Exercise prompt:
Transcribe every record as it stands and set the images aside.

┌──

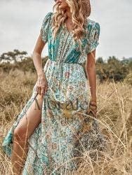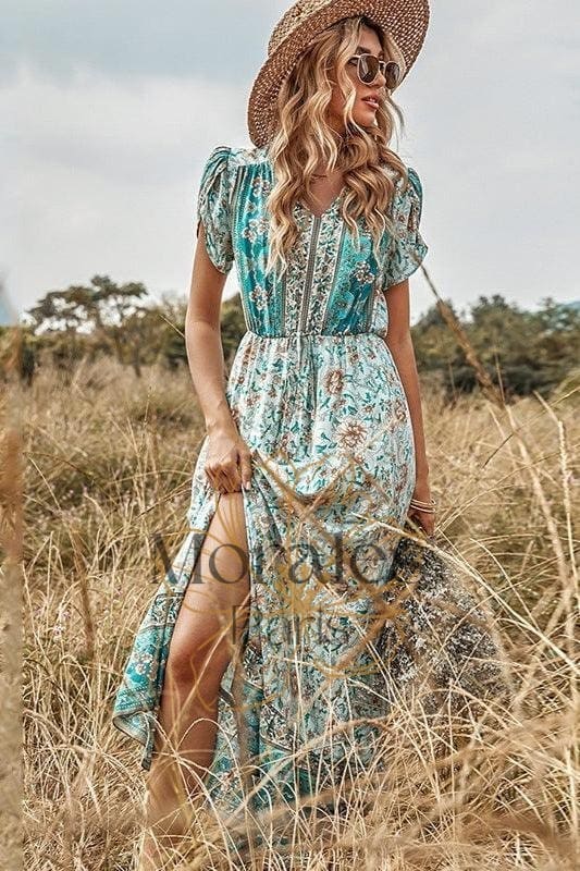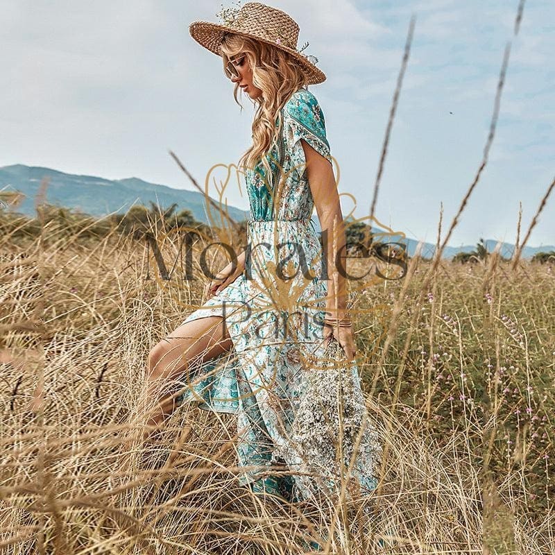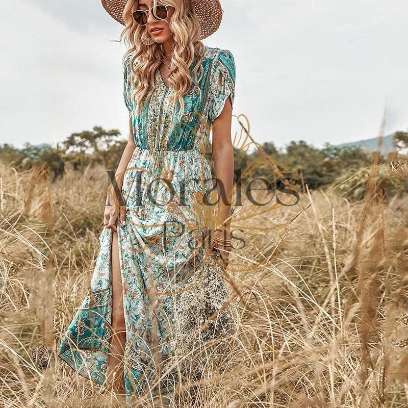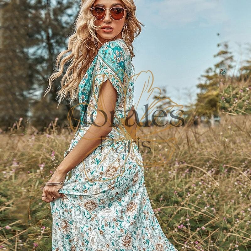 Cette robe longue boho s’adapte parfaitement à votre personnalité libre. Avec son motif fleuri et sa matière douce et fluide, elle deviendra un incontournable de votre garde-robe pour les beaux jours. Portée seule ou associée, cette robe polyvalente vous accompagnera de la plage au dîner en un clin d’oeil.
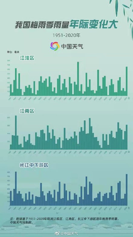 自古以来,每年梅雨时节的景象各不相同,呈现时多时少的特点。诗句就有“黄梅时节家家雨,青草池塘处处蛙。”“梅子黄时日日晴,小溪泛尽却山行”。诗人对梅雨的印象在历史数据中也得到了印证。从1951-2020年各梅雨区的降雨量变化来看,梅雨量的年际差异很大。在差异最大的江淮区,1991年梅雨季雨量最大,达766.4毫米,而最少的1958年仅有13.3毫米,相差57倍;江南区和长江中下游区梅雨季雨量最多年和最少年的差距也都超过400毫米。
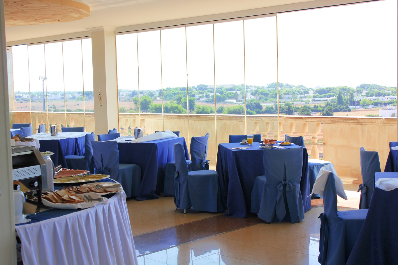 Разнообразната и богата закуска се предлага на блок маса в зала на 4-тия етаж с красива панорама. Закуската продължава от 7:30 до 10 ч и включва хляб, колбаси, яйца, сирена, йогурт, разнообразие от тестени сладкиши, мюсли, свежи плодове, плодов сок, кафе, мляко и чай.
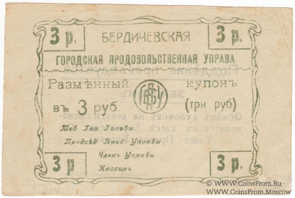 Разменный купон 3 рубля 1918 г. Бланк. Бердичевская городская продовольственная управа.
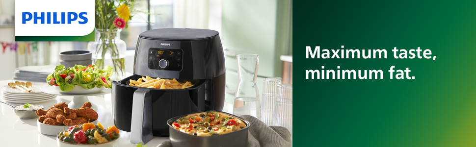 The Philips Airfryer XL is a smart and connected kitchen gadget that can be accessed using the Nutri U app. The app can be used to start a healthy eating journey. This is also an Amazon Alexa-enabled air fryer that uses innovative and impressive Rapid Air technology for healthy frying. It keeps the food warm, fried, bake, grilled, roasted, and even reheat. It has a 1.2 kg capacity basket, combined with the 6.2L pan, and at once, it can make up to five meal portions in one go.
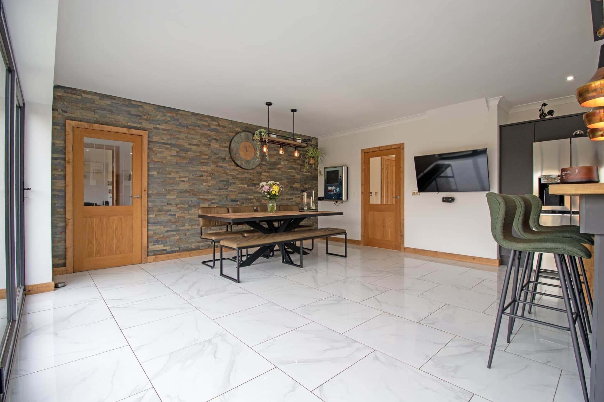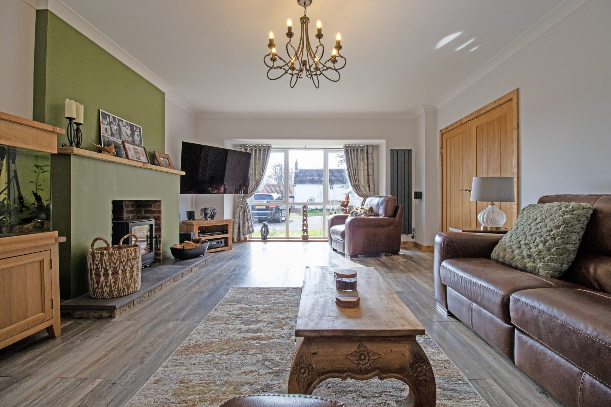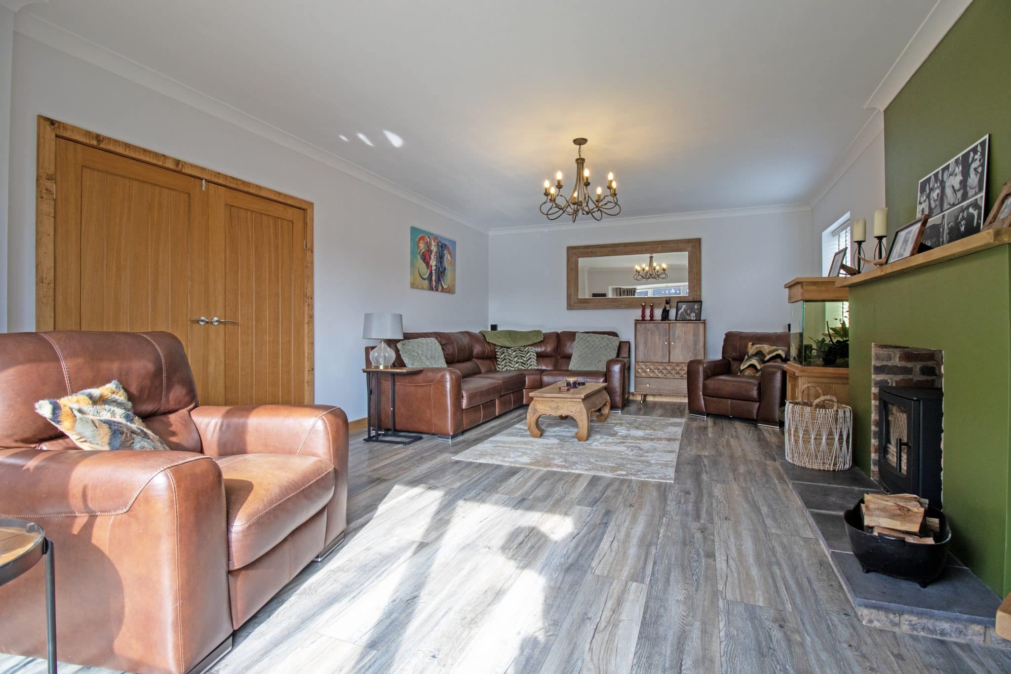 The ground floor accommodation is both spacious and highly versatile, offering a selection of reception rooms perfectly suited to modern living. The main lounge provides a warm and inviting retreat, and is complemented by elegant finishes and built-in storage. Additional reception spaces include a separate sitting room and a versatile office or further reception room, ideal for home working or family flexibility.
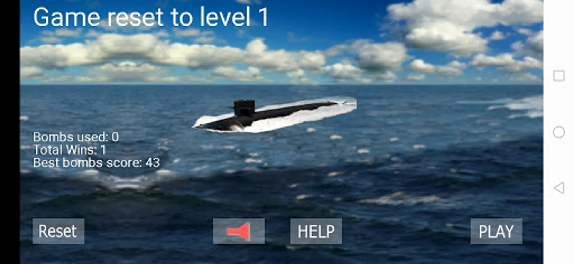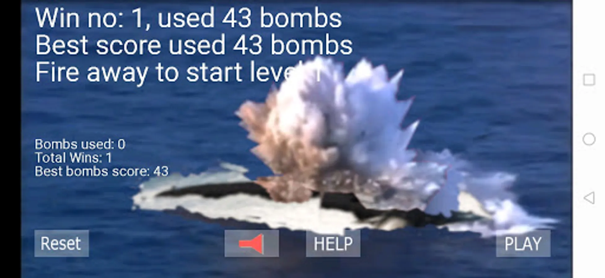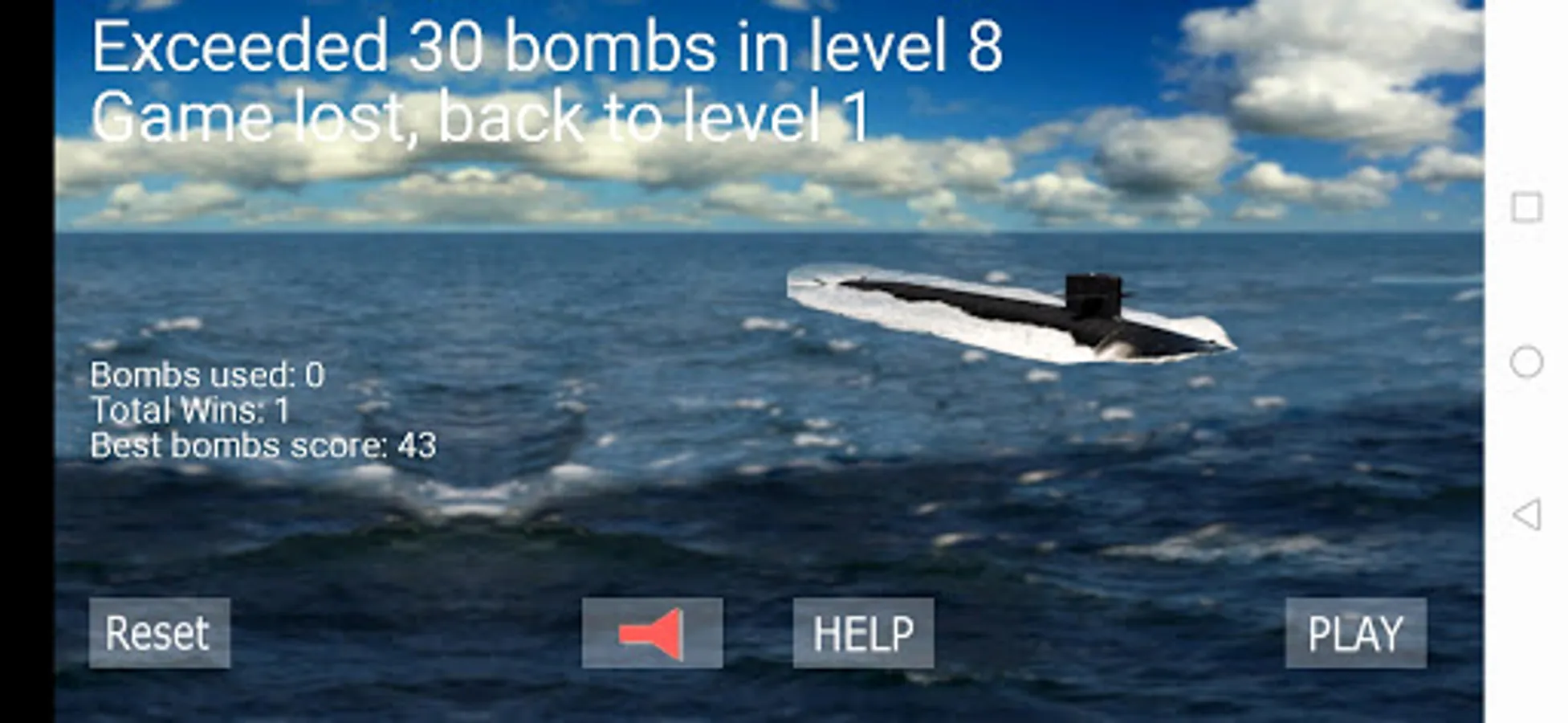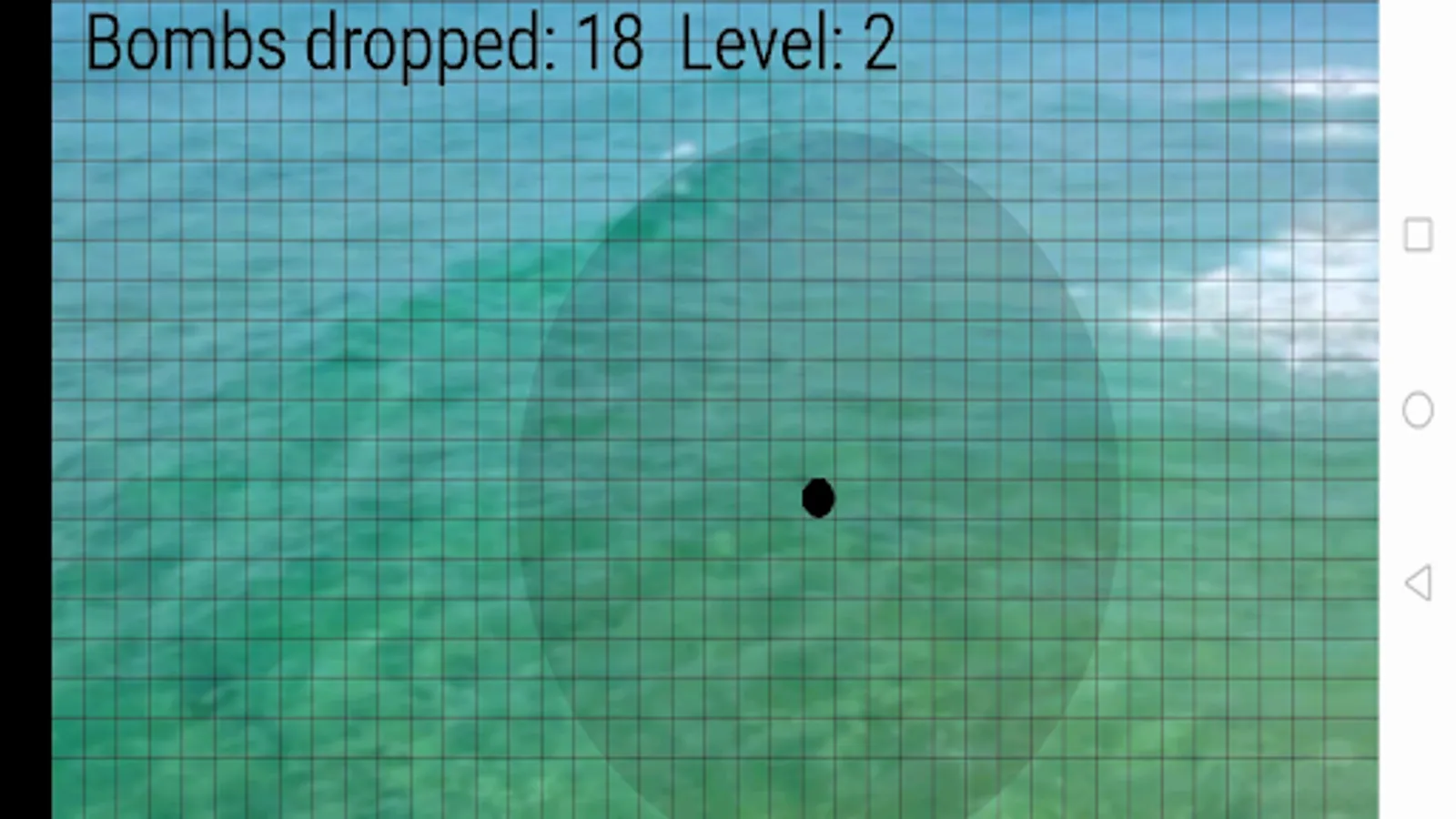 Enemy lurking beneath the ocean, in one of the grid squares; tap a grid location to drop a bomb on the enemy; if you miss the target, the sonar reveals potential location on the last outer periphery. Whenever the enemy is hit, you move through the levels, with increasing difficulty: sonar fading or breaking, enemy relocating, and limited fire. In each new level, the enemy relocates to a new stationary position, but from level 6, it starts relocating within the same level as well.

└──

Answer space:
 Cette robe longue boho s’adapte parfaitement à votre personnalité libre. Avec son motif fleuri et sa matière douce et fluide, elle deviendra un incontournable de votre garde-robe pour les beaux jours. Portée seule ou associée, cette robe polyvalente vous accompagnera de la plage au dîner en un clin d’oeil.
 自古以来,每年梅雨时节的景象各不相同,呈现时多时少的特点。诗句就有“黄梅时节家家雨,青草池塘处处蛙。”“梅子黄时日日晴,小溪泛尽却山行”。诗人对梅雨的印象在历史数据中也得到了印证。从1951-2020年各梅雨区的降雨量变化来看,梅雨量的年际差异很大。在差异最大的江淮区,1991年梅雨季雨量最大,达766.4毫米,而最少的1958年仅有13.3毫米,相差57倍;江南区和长江中下游区梅雨季雨量最多年和最少年的差距也都超过400毫米。
 Разнообразната и богата закуска се предлага на блок маса в зала на 4-тия етаж с красива панорама. Закуската продължава от 7:30 до 10 ч и включва хляб, колбаси, яйца, сирена, йогурт, разнообразие от тестени сладкиши, мюсли, свежи плодове, плодов сок, кафе, мляко и чай.
 Разменный купон 3 рубля 1918 г. Бланк. Бердичевская городская продовольственная управа.
 The Philips Airfryer XL is a smart and connected kitchen gadget that can be accessed using the Nutri U app. The app can be used to start a healthy eating journey. This is also an Amazon Alexa-enabled air fryer that uses innovative and impressive Rapid Air technology for healthy frying. It keeps the food warm, fried, bake, grilled, roasted, and even reheat. It has a 1.2 kg capacity basket, combined with the 6.2L pan, and at once, it can make up to five meal portions in one go.
 The ground floor accommodation is both spacious and highly versatile, offering a selection of reception rooms perfectly suited to modern living. The main lounge provides a warm and inviting retreat, and is complemented by elegant finishes and built-in storage. Additional reception spaces include a separate sitting room and a versatile office or further reception room, ideal for home working or family flexibility.
 Enemy lurking beneath the ocean, in one of the grid squares; tap a grid location to drop a bomb on the enemy; if you miss the target, the sonar reveals potential location on the last outer periphery. Whenever the enemy is hit, you move through the levels, with increasing difficulty: sonar fading or breaking, enemy relocating, and limited fire. In each new level, the enemy relocates to a new stationary position, but from level 6, it starts relocating within the same level as well.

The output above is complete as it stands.